The people figured that if their corn didn't hold out, there was always game to hunt.
But one year, they harvested little. The birds got most of what there was and that wasn't much. So they tried to gather meat. But they couldn't find any game. They tried to fish, but the streams and creeks were empty. So they dug up their corn baskets, but the mice had gotten into their stores and there weren't any left. They now faced starvation from their carelessness.
Only one man remembered to show respect. His name was Dayohagwenda. Dayohagwenda cared for his fields and weeded them. He harvested his corn carefully and gave thanks for his good harvest. He stored his corn with great care. He was sad about the way the others acted.
Meanwhile, Dayohagwenda was walking in the forest. He was thinking about the way his people no longer showed respect for the corn or gave thanks.
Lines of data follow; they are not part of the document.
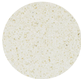
Top Surface Recommend Hi-Macs Classic Moon Haze | GI 18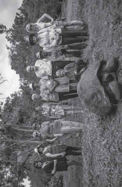
UNC alumni on Orbridge's The Galapagos Islands 2019 travel program.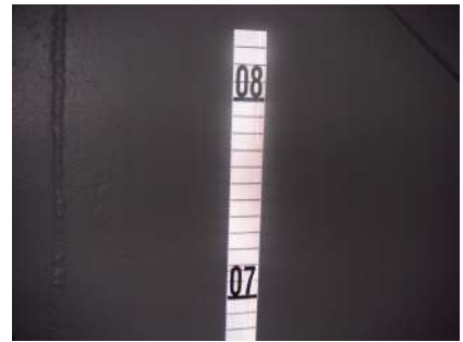
3M™ Diamond Grade™ Reflective Escape Trunk Markings 3MN056DG, 2 in x 15 yd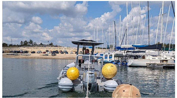
So, if at first you don't succeed, then try something else!

As he walked, he found an old trail. It led to a clearing in the forest. In that clearing was a lodge made of elm bark and built on top of a mound of earth. Weeds grew all around the lodge. In front of the lodge, an old man dressed in torn clothing sat weeping.
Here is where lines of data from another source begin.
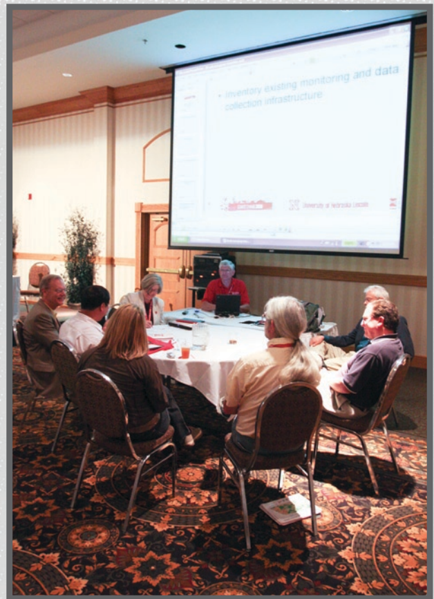
Breakout group discussions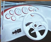
Sport dash features full instrumentation with depth finder, hour meter, CD player, 12-volt receptacle, and tilt steering.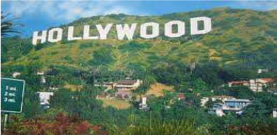
Logo 1: Hollywood

Hollywood is a district in Los Angeles, California. It is fame as the centre of the film industry studios.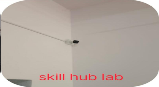
skill hub lab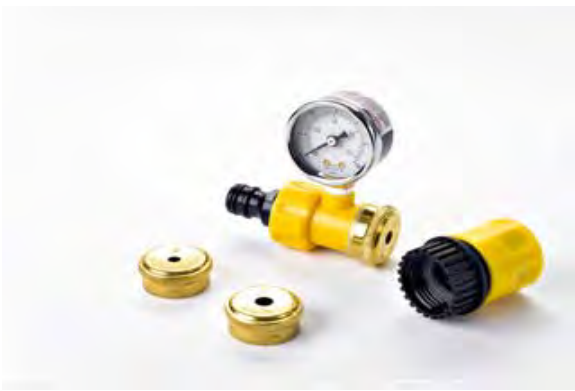
INJ-FC Flow Checker, for testing output pressure compatibility

"Grandfather," Dayohagwenda said, "why are you weeping?"
"I am weeping because your people have forgotten me."
"Why are your clothes torn?"
"They are torn because your people threw me to their dogs."
"Why are you so dirty?"
"I am dirty because your people let their children trample me."
"Why are there weeds around your lodge?"
"Your people no longer take care of me. Now I must go away and I can never return again to help them."
Now Dayohagwenda knew the old man was the Corn Spirit.
"Grandfather," Dayohagwenda said, "do not leave us. I still respect you. I will go back and remind my people how to treat you."
The old man stopped weeping. "Grandson," he said, "I will stay with you. If your people honor me, I will not leave them."
Dayohagwenda went back to the village. "We are going to starve," the people said. "Our corn is gone and we have no other food."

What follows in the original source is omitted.